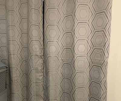 The curtains are pretty good. I got them for my guest room closet. The background is a light gray, and there is a light gray and dark gray in the geometric design. I needed something that was not see-through and these work well.
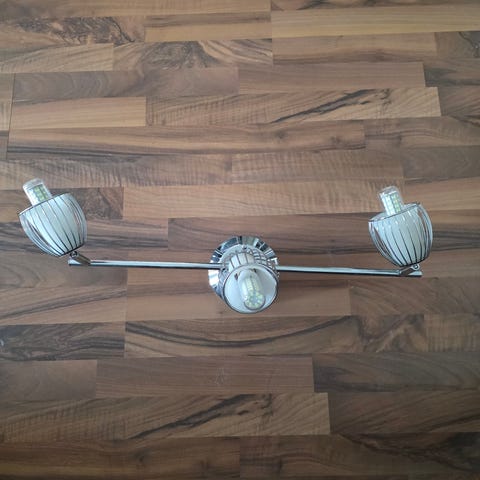 Valaisimia remontin tieltä pois. Loisteputkivalaisimia, spottivalo, pyöreitä kupuvalaisimia, keittiön työtasovalaisin pistorasialla ja toinen ilman pistorasiaa.
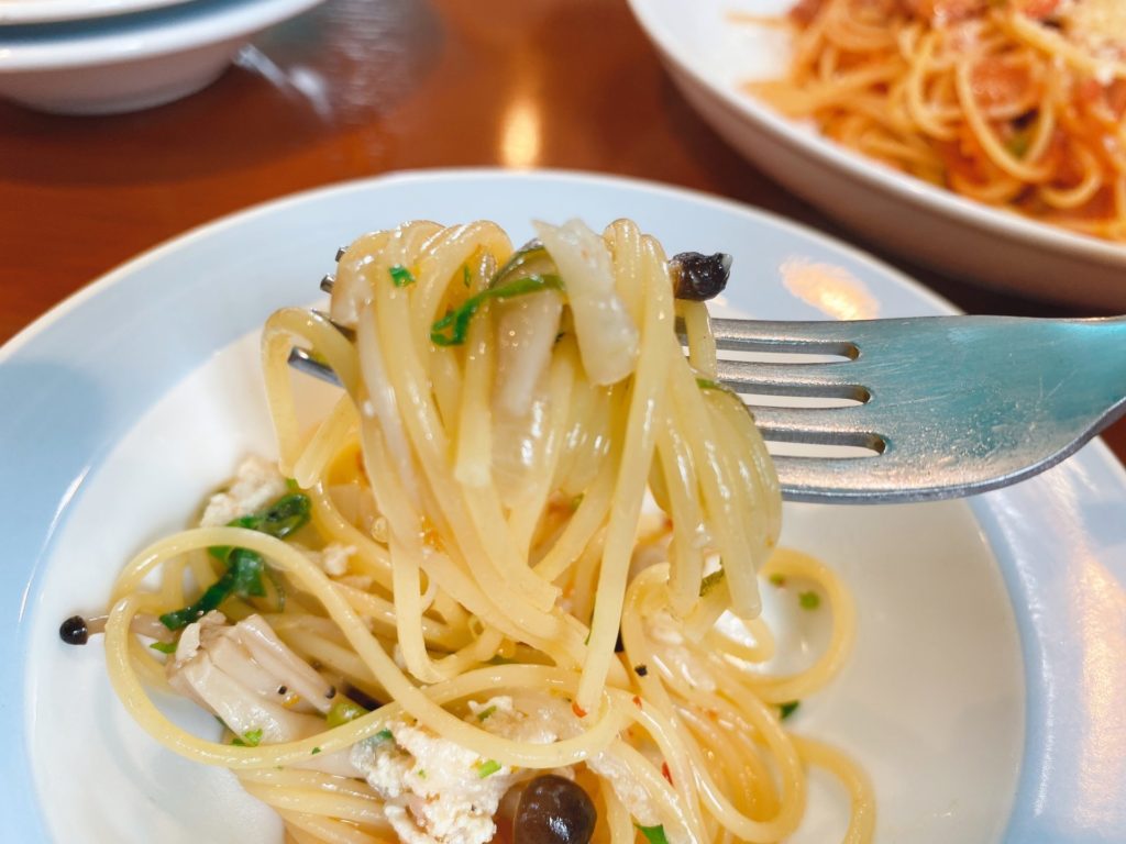 ペペロンチーノ・ナポリタン・クリームソースのパスタは、どれも個性的!パスタの茹で加減もちょうどいい!
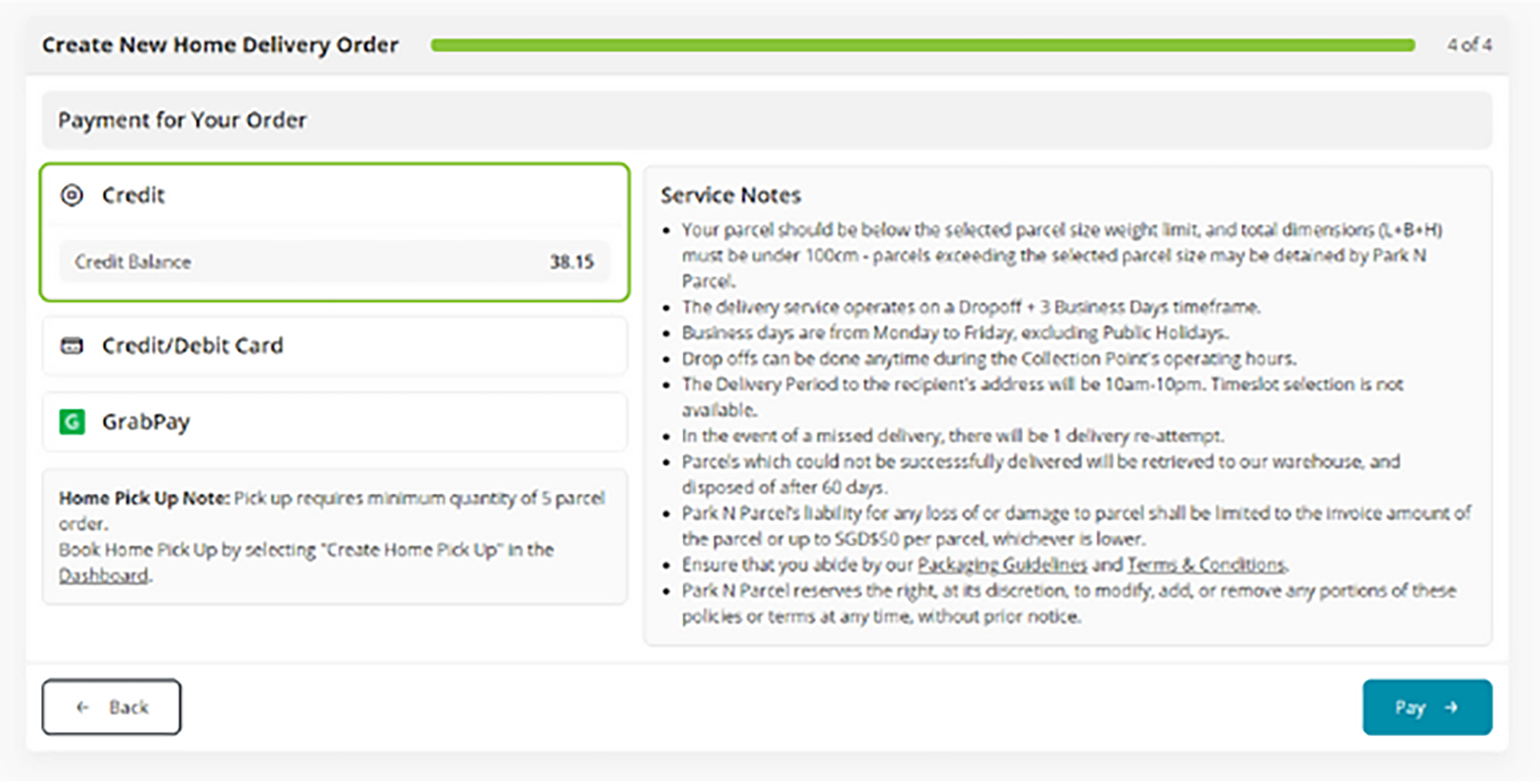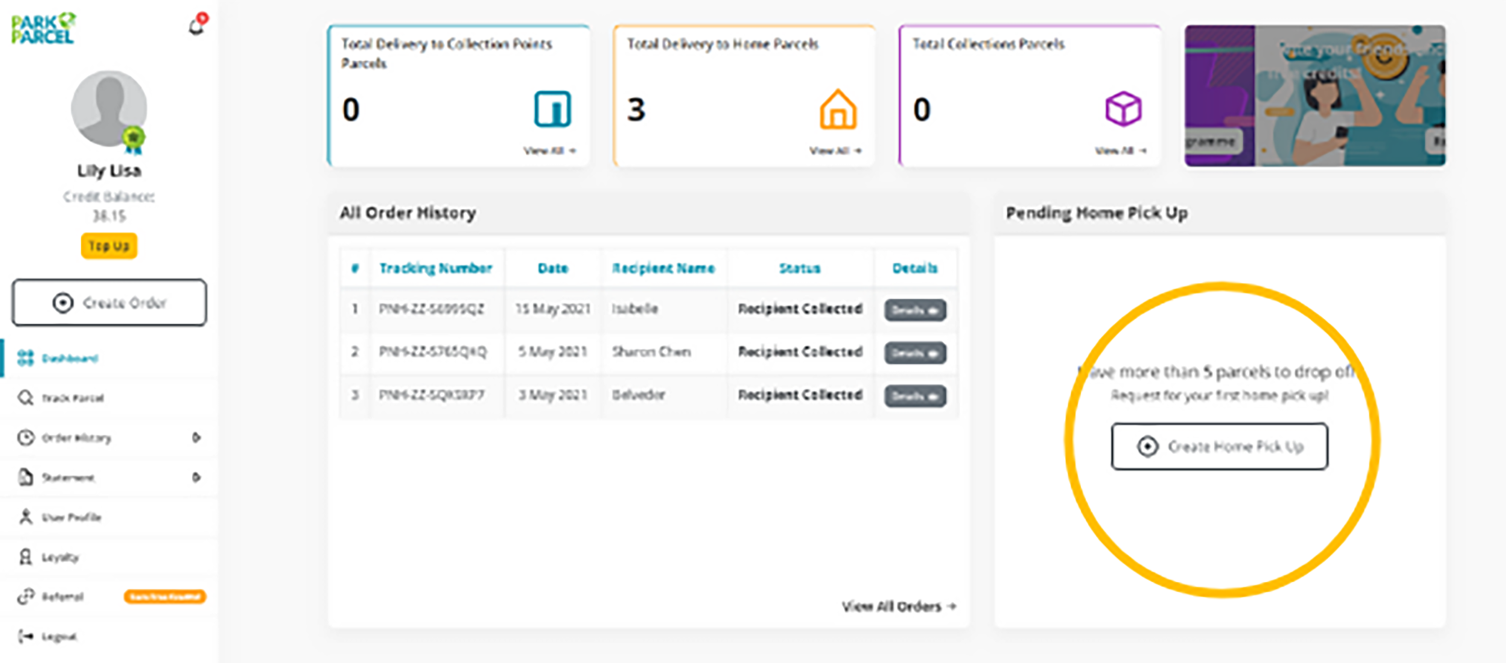 Do take note and ensure that you have fully completed creating the orders before proceeding to create home pickup (min. 5 parcels required). Otherwise, you may drop off at a parker point.
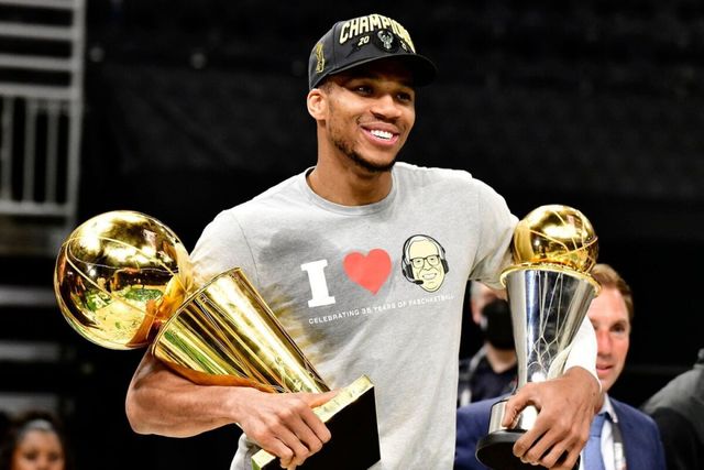 字母哥:1次(2020-21赛季),2021年,字母哥带领雄鹿队夺冠的同时,凭借系列赛全程的出色发挥(尤其是第六场50分的关键表现),毫无悬念地当选总决赛MVP。从赛事成就来看,字母哥的表现远超同期东契奇。
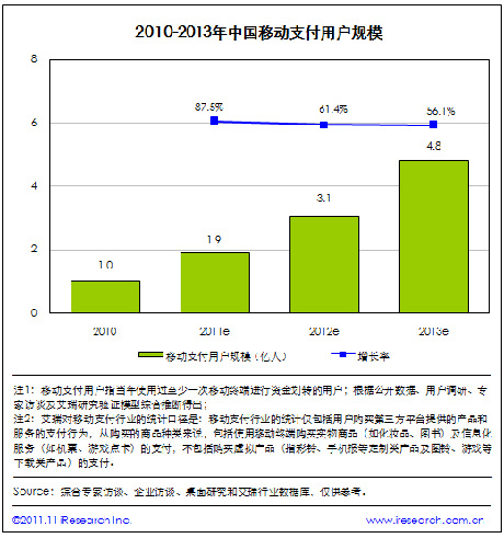 根据艾瑞咨询统计数据,2011年中国移动支付用户规模将达到1.9亿。艾瑞预计,2013年中国移动支付用户规模将达到4.8亿。移动网上支付用户规模的增长带动了整个行业用户规模的爆发,另外手机短信支付也在用户群体中得到了进一步的普及。

What you need to do. Repeat the entries exactly, without pictures.

Output for this exercise.
 The curtains are pretty good. I got them for my guest room closet. The background is a light gray, and there is a light gray and dark gray in the geometric design. I needed something that was not see-through and these work well.
 Valaisimia remontin tieltä pois. Loisteputkivalaisimia, spottivalo, pyöreitä kupuvalaisimia, keittiön työtasovalaisin pistorasialla ja toinen ilman pistorasiaa.
 ペペロンチーノ・ナポリタン・クリームソースのパスタは、どれも個性的!パスタの茹で加減もちょうどいい!
 Do take note and ensure that you have fully completed creating the orders before proceeding to create home pickup (min. 5 parcels required). Otherwise, you may drop off at a parker point.
 字母哥:1次(2020-21赛季),2021年,字母哥带领雄鹿队夺冠的同时,凭借系列赛全程的出色发挥(尤其是第六场50分的关键表现),毫无悬念地当选总决赛MVP。从赛事成就来看,字母哥的表现远超同期东契奇。
 根据艾瑞咨询统计数据,2011年中国移动支付用户规模将达到1.9亿。艾瑞预计,2013年中国移动支付用户规模将达到4.8亿。移动网上支付用户规模的增长带动了整个行业用户规模的爆发,另外手机短信支付也在用户群体中得到了进一步的普及。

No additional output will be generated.